Est. June 12th 2009 / Desde 12 de Junho de 2009

A daily stopover, where Time is written. A blog of Todo o Tempo do Mundo © / All a World on Time © universe. Apeadeiro onde o Tempo se escreve, diariamente. Um blog do universo Todo o Tempo do Mundo © All a World on Time ©)

quinta-feira, 27 de janeiro de 2022

Meditações - The hands fell off my watch in the night

Time Problem

The problem

of time.          Of there not being  

enough of it.


My girl came to the study

and said Help me;

I told her I had a time problem  

which meant:

I would die for you but I don’t have ten minutes.  
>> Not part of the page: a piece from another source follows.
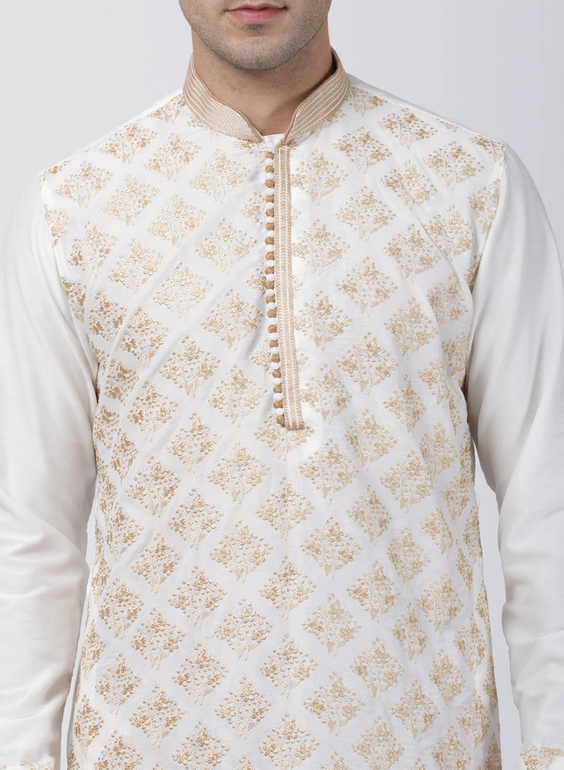 White and gold toned embroidered straight knee length kurta, has a mandarin collar, button placket, long sleeves, straight hem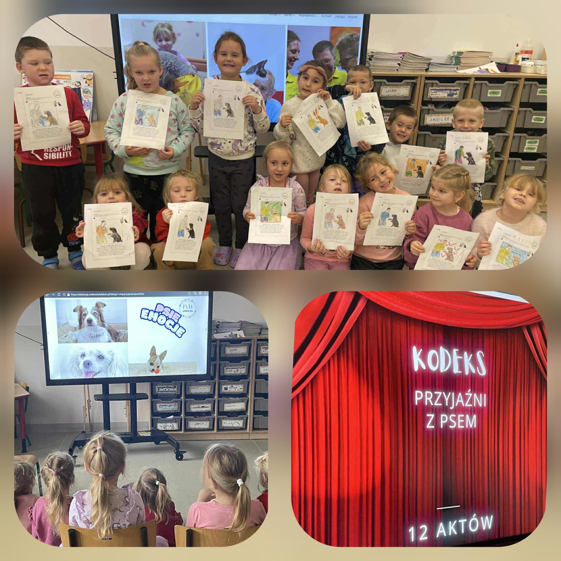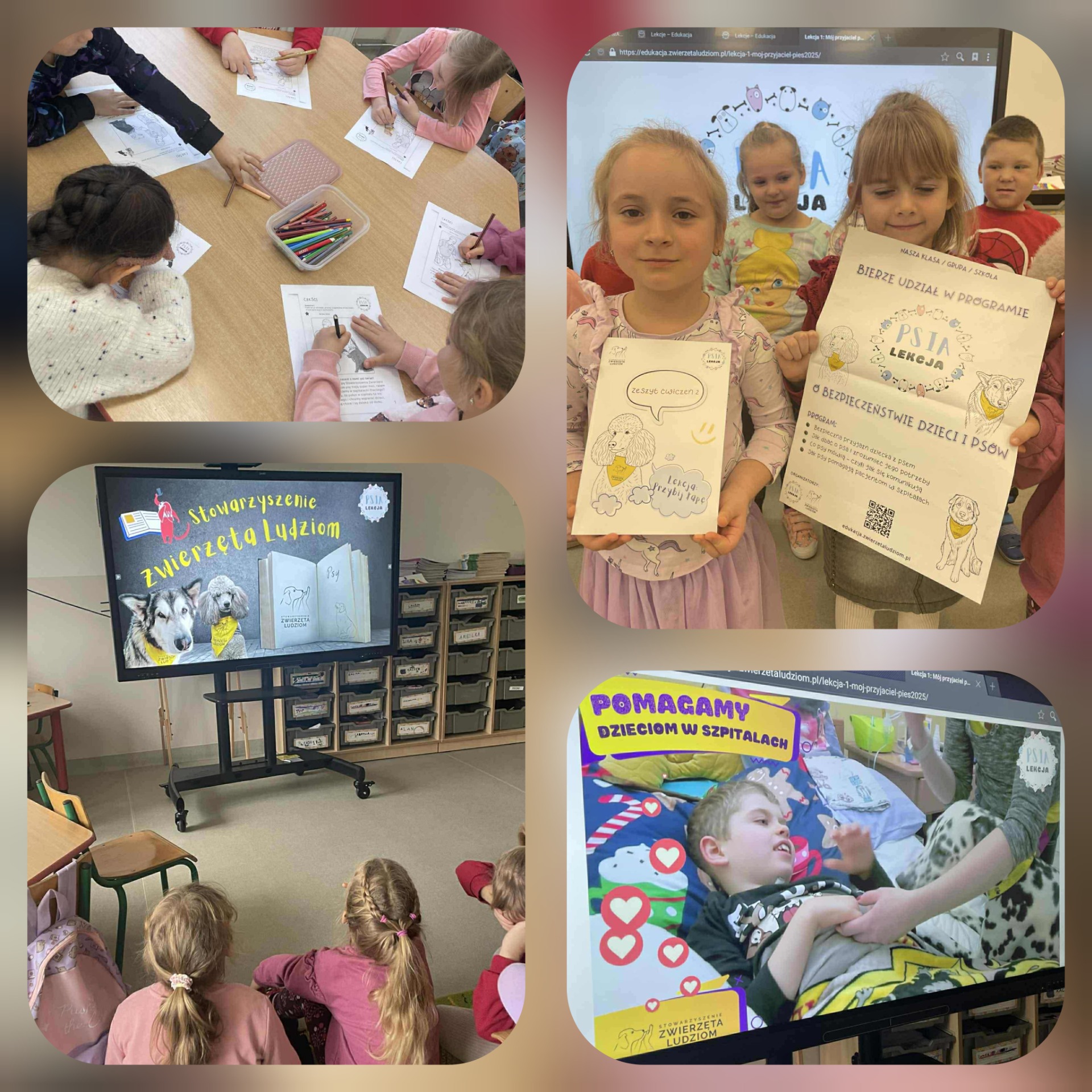 Klasa 0b uczestniczy w programie,,Psia lekcja” prowadzonego przez Stowarzyszenie Zwierzęta Ludziom. Podczas lekcji dowiedzieliśmy się, jak prawidłowo opiekować się psami i jak bezpiecznie się z nimi kontaktować. Prowadzący opowiedzieli o potrzebach i emocjach zwierząt.

Numbers hung in the math book  

like motel coathangers. The Lean  

Cuisine was burning

like an ancient city: black at the edges,  

bubbly earth tones in the center.  

The latest thing they’re saying is lack  

of time might be

a “woman’s problem.” She sat there  

with her math book sobbing—

(turned out to be prime factoring: whole numbers  

dangle in little nooses)

Hawking says if you back up far enough  

it’s not even

an issue, time falls away into

'the curve' which is finite,

boundaryless. Appointment book,  

soprano telephone—

(beep End beep went the microwave)


The hands fell off my watch in the night.

I spoke to the spirit

who took them, told her: Time is the funniest thing  

they invented. Had wakened from a big

dream of love in a boat

No time to get the watch fixed so the blank face  

lived for months in my dresser,

no arrows

for hands, just quartz intentions, just the pinocchio  

nose         (before the lie)

left in the center;            the watch

didn’t have twenty minutes; neither did I.

My girl was doing

her gym clothes by herself;         (red leaked

toward black, then into the white

insignia)                  I was grading papers,

heard her call from the laundry room:  


Hawking says there are two

types of it,

real and imaginary (imaginary time must be  

like decaf), says it’s meaningless

to decide which is which

but I say: there was tomorrow-


when I started thinking about it; now  

there’s less than a day. More

done. That’s

the thing that keeps being said. I thought  

I could get more done as in:

fish stew from a book. As in: Versateller  

archon, then push-push-push

the tired-tired around the track like a planet.  

Legs, remember him?

Our love—when we stagger—lies down inside us. . .  

Hawking says

there are little folds in time

(actually he calls them wormholes)

but I say:

there’s a universe beyond

where they’re hammering the brass cut-outs .. .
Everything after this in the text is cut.